What the task requires: Your task is to return all of the records exactly, minus any images.

Information given:

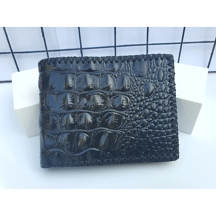Ví Nam Da Bò Vân Cá Sấu Tinh Xảo, Viền Khâu Tay Siêu Bền, Bóp Nam Vân Cá Sấu Da Cao Cấp, Được Kiểm Tra Hàng
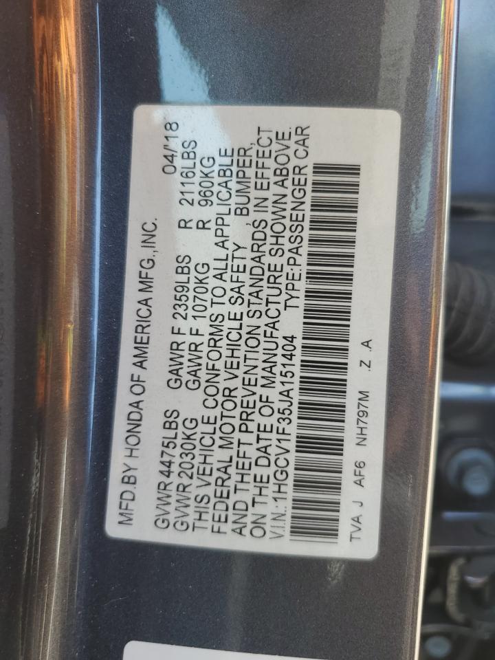 2018 HONDA ACCORD 2018 року Бензин, 1.5, , vin - 1HGCV1F35JA151404 з США
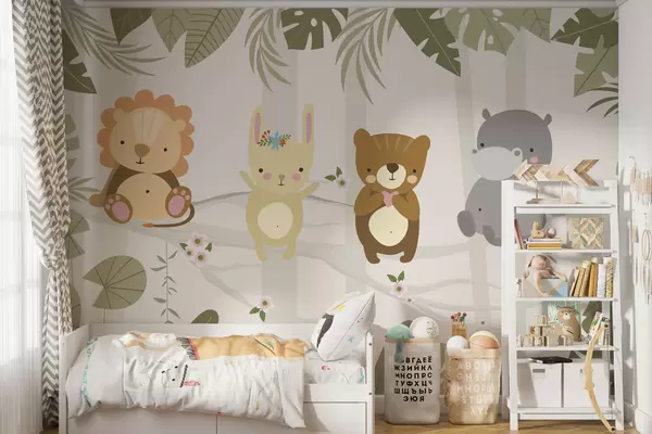 Fotomurales Lindo león, conejo, oso e hipopótamo entre las hojas Nr. w04682
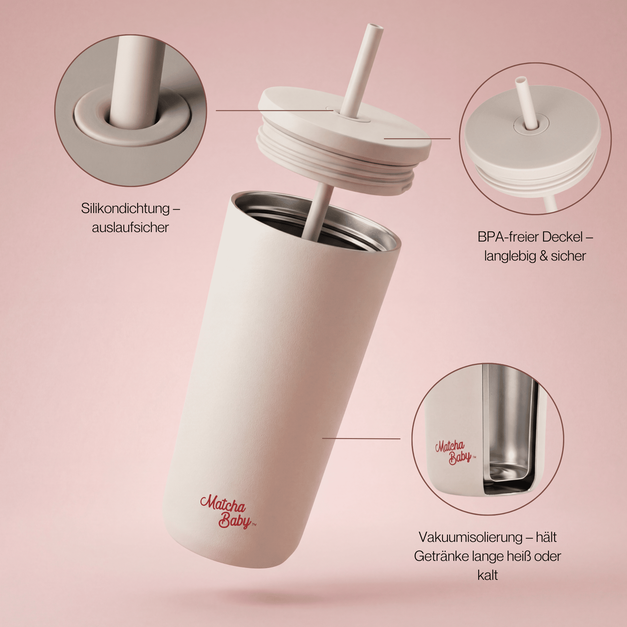 ✔️ Matcha To Go Becher (Metall-Tumbler, doppelt isoliert)
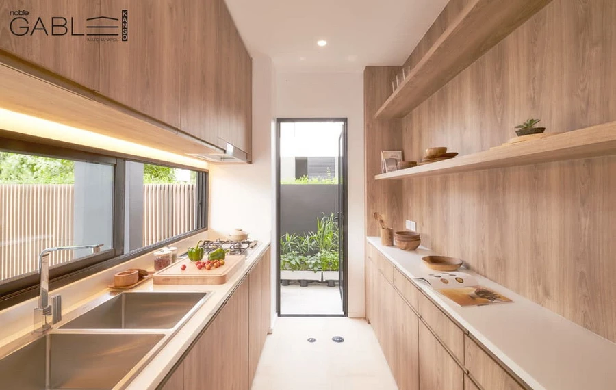 พื้นที่ครัว เฟอร์นิเจอร์เกือบทั้งหมดก็ยังเน้นไปที่ไม้
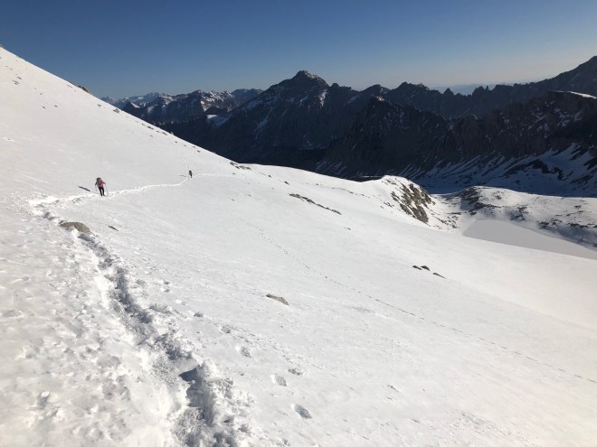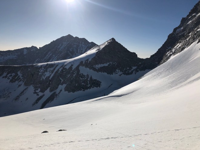 After the crossing we found Bible. Luc had been hiking with him before Kennedy Meadows so they were happy to reconnect. And now we were a party of 7. As the rest of the miles ticked by, it was 1pm by the time we took the steep side trail to Bullfrog Lake and Kearsarge Pass. From where we are currently camped it’s 2 miles up the Pass and 4.4 back down the other side. Snow covered as well so we will be doing some of the same things we did this morning. Although we won’t be starting out at 4am again. Once over Kearsarge Pass tomorrow we will hitch into Independance where we will resupply. I may have to go into Bishop as my microspike are too small for my shoes and horribly uncomfortable once I’m going down anything steep. And I also broke a tip off my trekking poles and my new tips won’t be on the trail until next week–poor planning on my part of the resupply system.

Result of the task:
Ví Nam Da Bò Vân Cá Sấu Tinh Xảo, Viền Khâu Tay Siêu Bền, Bóp Nam Vân Cá Sấu Da Cao Cấp, Được Kiểm Tra Hàng
 2018 HONDA ACCORD 2018 року Бензин, 1.5, , vin - 1HGCV1F35JA151404 з США
 Fotomurales Lindo león, conejo, oso e hipopótamo entre las hojas Nr. w04682
 ✔️ Matcha To Go Becher (Metall-Tumbler, doppelt isoliert)
 พื้นที่ครัว เฟอร์นิเจอร์เกือบทั้งหมดก็ยังเน้นไปที่ไม้
 After the crossing we found Bible. Luc had been hiking with him before Kennedy Meadows so they were happy to reconnect. And now we were a party of 7. As the rest of the miles ticked by, it was 1pm by the time we took the steep side trail to Bullfrog Lake and Kearsarge Pass. From where we are currently camped it’s 2 miles up the Pass and 4.4 back down the other side. Snow covered as well so we will be doing some of the same things we did this morning. Although we won’t be starting out at 4am again. Once over Kearsarge Pass tomorrow we will hitch into Independance where we will resupply. I may have to go into Bishop as my microspike are too small for my shoes and horribly uncomfortable once I’m going down anything steep. And I also broke a tip off my trekking poles and my new tips won’t be on the trail until next week–poor planning on my part of the resupply system.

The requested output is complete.